§ **Your task**
Leave out the pictures and copy each record below exactly.

---------- Input material

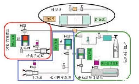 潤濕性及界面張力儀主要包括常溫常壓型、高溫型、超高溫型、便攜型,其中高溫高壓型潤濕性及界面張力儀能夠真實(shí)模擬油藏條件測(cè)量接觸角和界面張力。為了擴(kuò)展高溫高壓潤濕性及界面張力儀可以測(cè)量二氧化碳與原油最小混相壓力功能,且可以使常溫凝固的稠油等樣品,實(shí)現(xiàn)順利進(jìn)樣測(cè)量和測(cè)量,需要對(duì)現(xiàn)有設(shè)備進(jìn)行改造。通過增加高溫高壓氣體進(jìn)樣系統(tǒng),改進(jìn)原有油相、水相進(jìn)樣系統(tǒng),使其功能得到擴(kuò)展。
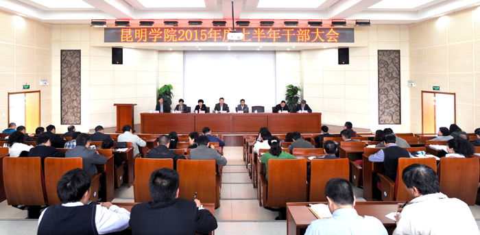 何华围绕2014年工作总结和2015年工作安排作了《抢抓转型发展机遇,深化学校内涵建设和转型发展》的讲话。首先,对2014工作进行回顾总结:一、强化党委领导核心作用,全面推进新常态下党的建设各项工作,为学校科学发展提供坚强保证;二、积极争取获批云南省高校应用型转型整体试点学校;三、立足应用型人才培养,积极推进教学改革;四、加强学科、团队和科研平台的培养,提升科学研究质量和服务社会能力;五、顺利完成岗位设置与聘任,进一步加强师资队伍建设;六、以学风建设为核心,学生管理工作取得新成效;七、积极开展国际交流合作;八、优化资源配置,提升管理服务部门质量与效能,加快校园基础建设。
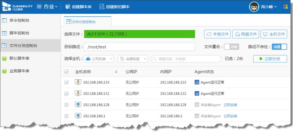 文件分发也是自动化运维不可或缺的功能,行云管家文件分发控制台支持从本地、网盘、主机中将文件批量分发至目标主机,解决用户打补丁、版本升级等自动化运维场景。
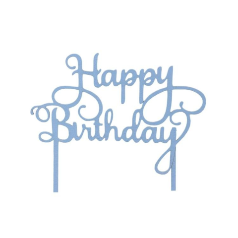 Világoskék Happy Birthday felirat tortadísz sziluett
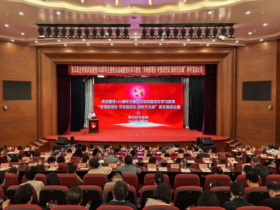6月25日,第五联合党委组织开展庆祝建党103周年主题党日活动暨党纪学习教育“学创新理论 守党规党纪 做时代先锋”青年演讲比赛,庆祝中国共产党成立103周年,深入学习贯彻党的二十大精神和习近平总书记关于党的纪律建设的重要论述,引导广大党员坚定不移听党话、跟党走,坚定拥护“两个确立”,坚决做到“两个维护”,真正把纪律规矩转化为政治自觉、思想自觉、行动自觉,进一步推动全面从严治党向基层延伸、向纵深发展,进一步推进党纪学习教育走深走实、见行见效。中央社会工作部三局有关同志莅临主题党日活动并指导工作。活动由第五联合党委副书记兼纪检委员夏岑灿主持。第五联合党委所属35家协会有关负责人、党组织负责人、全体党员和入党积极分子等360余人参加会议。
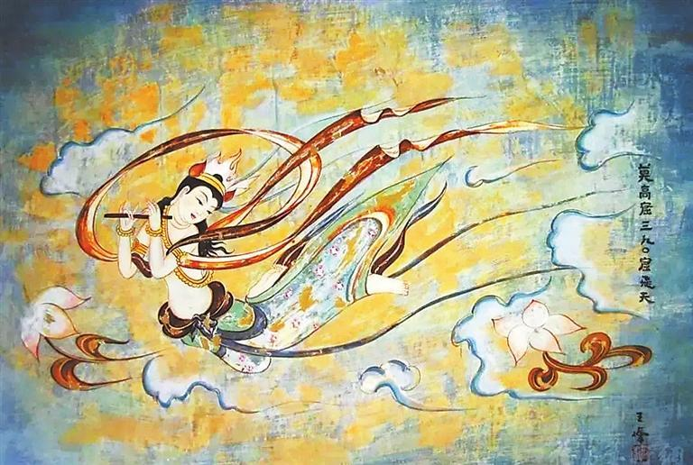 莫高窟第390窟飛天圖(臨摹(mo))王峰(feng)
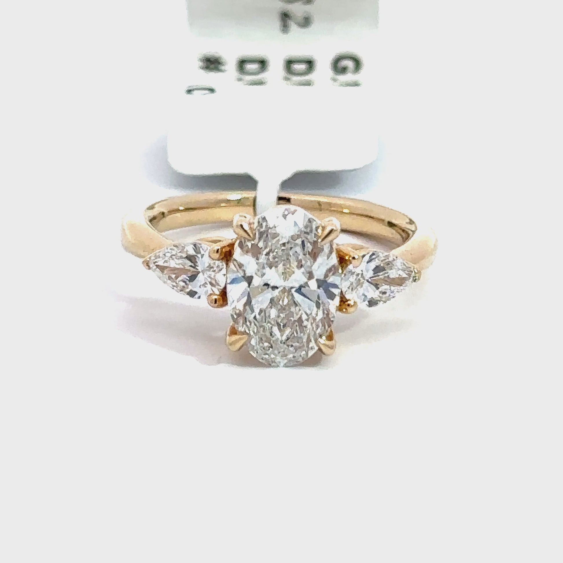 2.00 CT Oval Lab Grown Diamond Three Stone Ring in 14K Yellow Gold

--------------------

§ **Result for this task**
 潤濕性及界面張力儀主要包括常溫常壓型、高溫型、超高溫型、便攜型,其中高溫高壓型潤濕性及界面張力儀能夠真實(shí)模擬油藏條件測(cè)量接觸角和界面張力。為了擴(kuò)展高溫高壓潤濕性及界面張力儀可以測(cè)量二氧化碳與原油最小混相壓力功能,且可以使常溫凝固的稠油等樣品,實(shí)現(xiàn)順利進(jìn)樣測(cè)量和測(cè)量,需要對(duì)現(xiàn)有設(shè)備進(jìn)行改造。通過增加高溫高壓氣體進(jìn)樣系統(tǒng),改進(jìn)原有油相、水相進(jìn)樣系統(tǒng),使其功能得到擴(kuò)展。
 何华围绕2014年工作总结和2015年工作安排作了《抢抓转型发展机遇,深化学校内涵建设和转型发展》的讲话。首先,对2014工作进行回顾总结:一、强化党委领导核心作用,全面推进新常态下党的建设各项工作,为学校科学发展提供坚强保证;二、积极争取获批云南省高校应用型转型整体试点学校;三、立足应用型人才培养,积极推进教学改革;四、加强学科、团队和科研平台的培养,提升科学研究质量和服务社会能力;五、顺利完成岗位设置与聘任,进一步加强师资队伍建设;六、以学风建设为核心,学生管理工作取得新成效;七、积极开展国际交流合作;八、优化资源配置,提升管理服务部门质量与效能,加快校园基础建设。
 文件分发也是自动化运维不可或缺的功能,行云管家文件分发控制台支持从本地、网盘、主机中将文件批量分发至目标主机,解决用户打补丁、版本升级等自动化运维场景。
 Világoskék Happy Birthday felirat tortadísz sziluett
6月25日,第五联合党委组织开展庆祝建党103周年主题党日活动暨党纪学习教育“学创新理论 守党规党纪 做时代先锋”青年演讲比赛,庆祝中国共产党成立103周年,深入学习贯彻党的二十大精神和习近平总书记关于党的纪律建设的重要论述,引导广大党员坚定不移听党话、跟党走,坚定拥护“两个确立”,坚决做到“两个维护”,真正把纪律规矩转化为政治自觉、思想自觉、行动自觉,进一步推动全面从严治党向基层延伸、向纵深发展,进一步推进党纪学习教育走深走实、见行见效。中央社会工作部三局有关同志莅临主题党日活动并指导工作。活动由第五联合党委副书记兼纪检委员夏岑灿主持。第五联合党委所属35家协会有关负责人、党组织负责人、全体党员和入党积极分子等360余人参加会议。
 莫高窟第390窟飛天圖(臨摹(mo))王峰(feng)
 2.00 CT Oval Lab Grown Diamond Three Stone Ring in 14K Yellow Gold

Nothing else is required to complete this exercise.